142 N.Y.S. 692 | N.Y. App. Div. | 1913
The relator is the executor of the estate of Charles H. Roberts, who died February 11, 1909, a resident of the town of Lloyd, Ulster county, N. Y. On the 14th day of July, 1910, following an appraisal of the value of the estate for the purpose of fixing the amount of the transfer tax, a decree was duly entered by the surrogate of Ulster county fixing such value for the purpose of taxation at $1,178,723.96 and fixing and determining the tax to be paid thereon at $11,787.23. On the same day a notice was duly served upon the relator of the determination by the surrogate as to the value of the estate and of the tax to which it was liable, which contained the following direction made by the surrogate: “Audit is further ordered that interest at the rate of ten per cent per annum shall be charged upon said tax from the 11th day of February, 1909, if not paid on or before the 10th day of August, 1910.” Also upon such notice was the following postscript: “N. B. This tax is payable to the County Treasurer of Ulster County, Kingston, N. Y.” The relator resided at Poughkeepsie in the county of Dutchess, in which county the office of transfer tax appraiser was salaried and hence the tax by law was payable to the State
The statute in force at the time of the death of relator’s testator, February 11, 1909, relating to taxable transfers (Tax Law [Gen.
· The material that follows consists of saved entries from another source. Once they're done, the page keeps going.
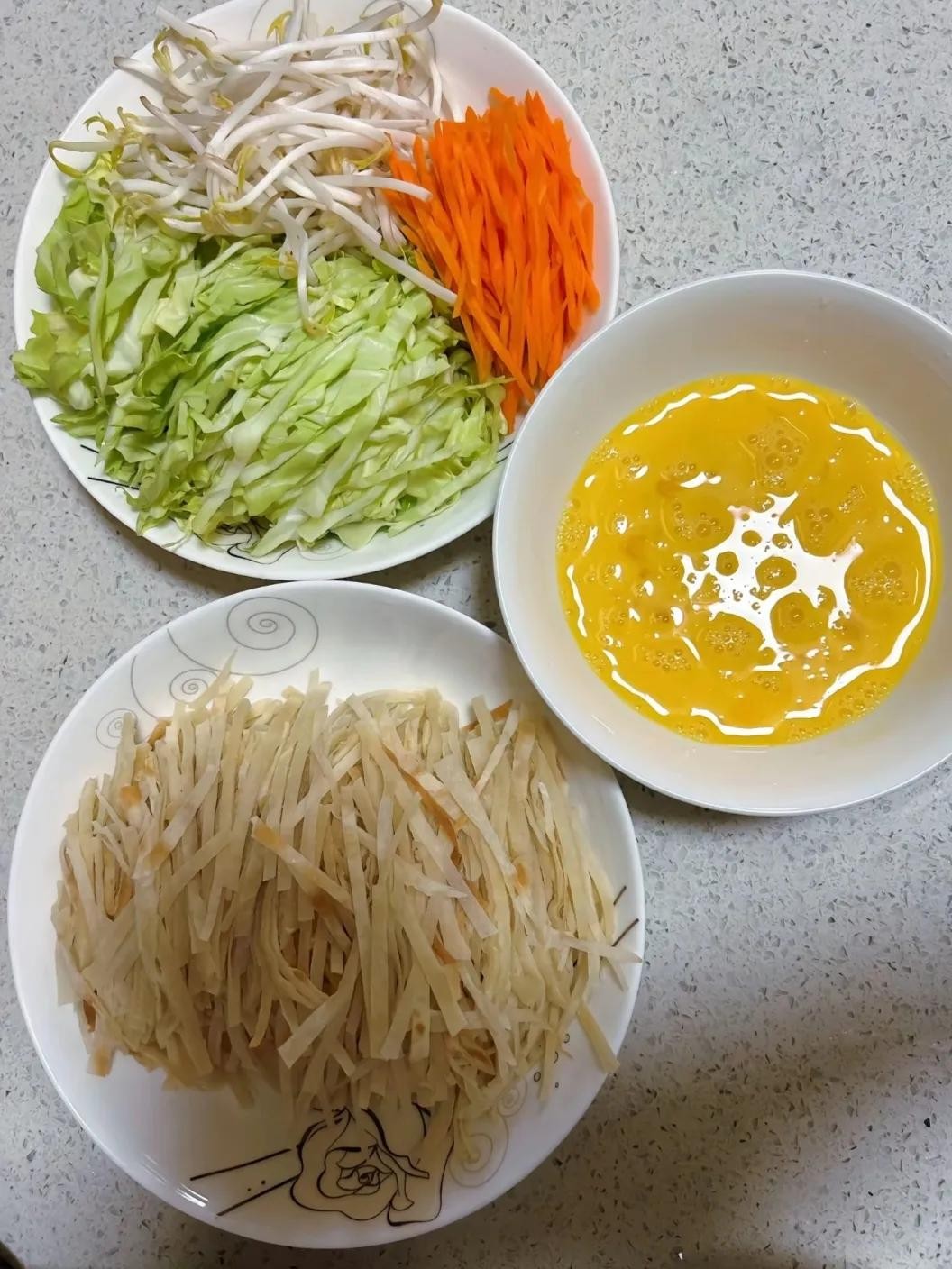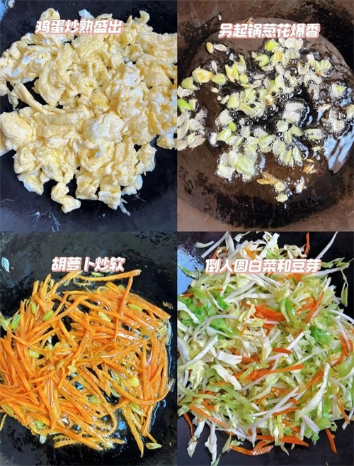 菜配:圆白菜/包菜 半颗(切细丝)、绿豆芽 100g、胡萝卜半根(切丝)、鸡蛋2个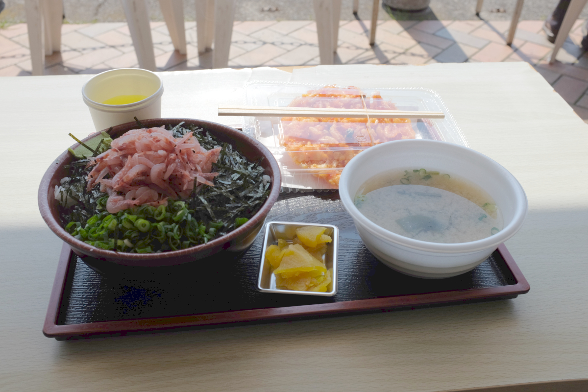 ついでに、由比は桜えびが名物ということで、桜えび丼が食べられるという由比漁港を目指すことにした。歩いて峠を超え、由比の駅を通り過ぎ、漁港へ。それほど厳密に時間調整したわけではないが、開店の30分ほど前に着いた。もう何人か並んでいる。それほどのものなのか。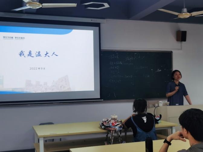 班会围绕“班主任自我介绍”“竞选班委”“宣传教育”三个方面进行。班会由班助主持,第一个环节班主任进行自我介绍,并为同学们讲解开学注意事项等一系列工作,例如:校史校情教育、防诈骗安全教育等。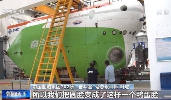 中國船舶集團702所 “奮鬥者”號總設計師 葉聰: “蛟龍”號下潛深度是7000米,我們要下萬米深度的話這個路程更遠了,所以我們把圓臉變成了這樣一個鴨蛋臉,這個形狀會減少阻力。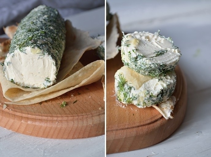 Через 2 дня накрошить свежего укропа, порубить мелко чеснока и еще хорошую щепотку соли. И обвалять сыр в этой смеси, сформовав сырный батончик.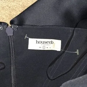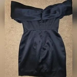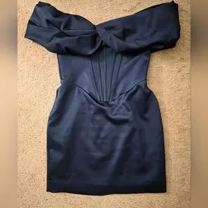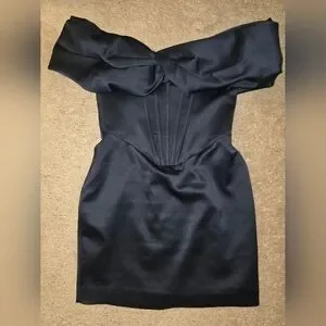 House of CB Nurul Satin Off Shoulder Mini Dress Navy Small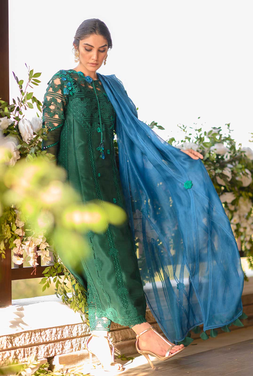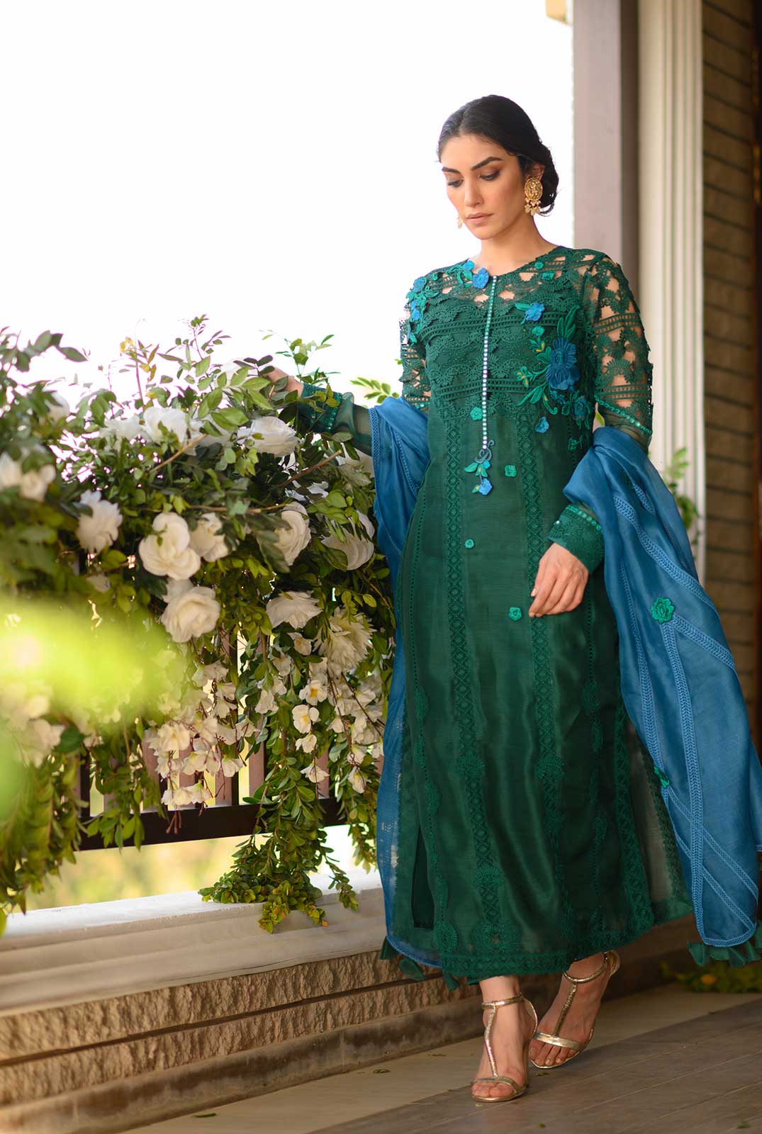 This royal bottle green shirt is impeccably detailed with laces along the front and sleeves and rendered in 3D floral motifs in hues of Blues and greens. Pair it with a contrasting electric blue dupatta with intricate florals for a perfect nighttime look!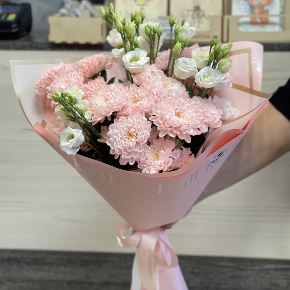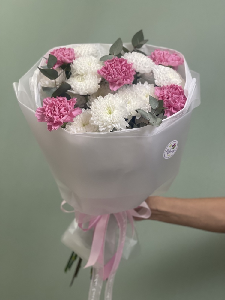 Диантус 5шт., хризантема 3шт, эвкалипт, упаковка, лента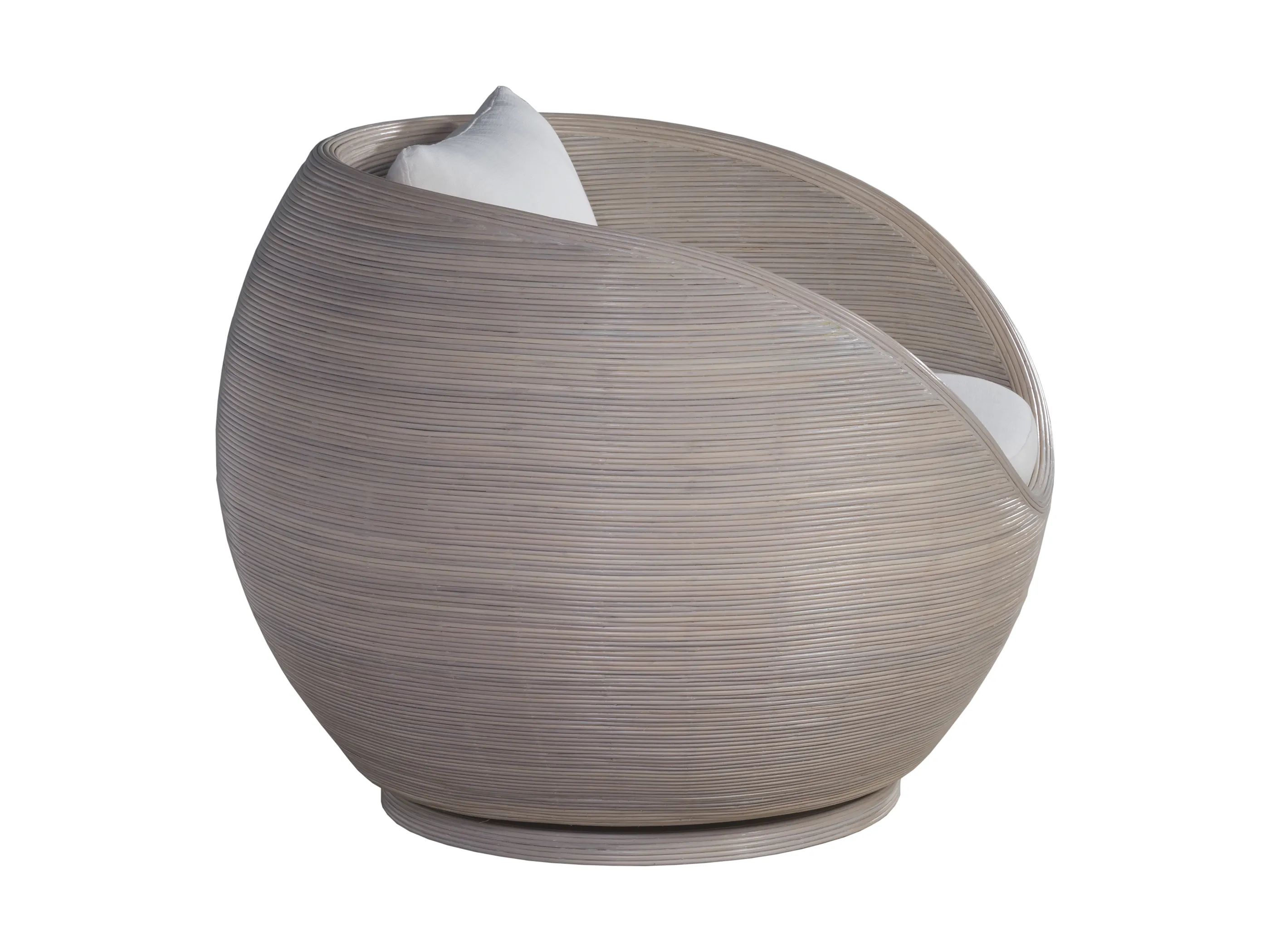 This 1960’s antique reproduction is a period-perfect represenation of Solimar’s vibe, featuring an orb silhouette wrapped in pencil rattan with a white wash finish revealing natural variation in the organic material. Available in COM or your choice of fabrics.

Laws, chap. 24; Laws of 1896, chap. 908], art. 10, as amd. and re-enacted by Laws of 1905, chap. 368, and amd. by Laws of 1906, chap. 111) provided, so far as is material to he considered upon this appeal, as follows:
“ § 222. Accrual and payment of tax.— All taxes imposed by this article shall be due and payable at the time of the transfer, except as herein otherwise provided. * * * Such tax shall be paid to the State Comptroller in a county in which the office of appraiser is salaried, and in other counties, to the county treasurer, and said State Comptroller or county treasurer shall give, and every executor, administrator or trustee shall take, duplicate receipts from him of such payment as provided in section two hundred and thirty-six.
“§ 223. Discount and interest.—If such tax is paid within six months from the accrual thereof, a discount of five per centum shall be allowed and deducted therefrom. If such tax is not paid within eighteen months from the accrual thereof, interest shall be charged and collected thereon at the rate of ten per centum per annum from the time the tax accrued. * * *
“ § 236. Receipts from county treasurer or Comptroller.— One of the duplicate receipts issued for the payment of any tax under this article, as provided by section two hundred and twenty-two, shall be countersigned by the State Treasurer if the same was issued by the State Comptroller, and by the State Comptroller if issued by any county treasurer. The officer so countersigning the same shall charge the officer receiving the tax with the amount thereof and affix the seal of his office to the same and return to the proper person; but no executor, administrator or trustee shall be entitled to a final accounting of an estate in settlement of which a tax is due under the provisions of this article unless he shall produce a receipt so sealed and countersigned, or a certified copy thereof. * * *
“§ 240. Reports of county treasurer.— Each county treas*78 urer in a county in which the office of appraiser is not salaried shall make a report, under oath, to the State Comptroller, on January, April, July and October first of each year, of all taxes received by him under this article, stating for what estate and by whom and when paid. The form of such report may be prescribed by the State Comptroller. He shall, at the same time, pay the State Treasurer all taxes received by him under this article and not previously paid into the State Treasury, and for all such taxes collected by him and not paid into the State Treasury within thirty days from the times herein required, he shall pay interest at the rate of ten per centum per annum.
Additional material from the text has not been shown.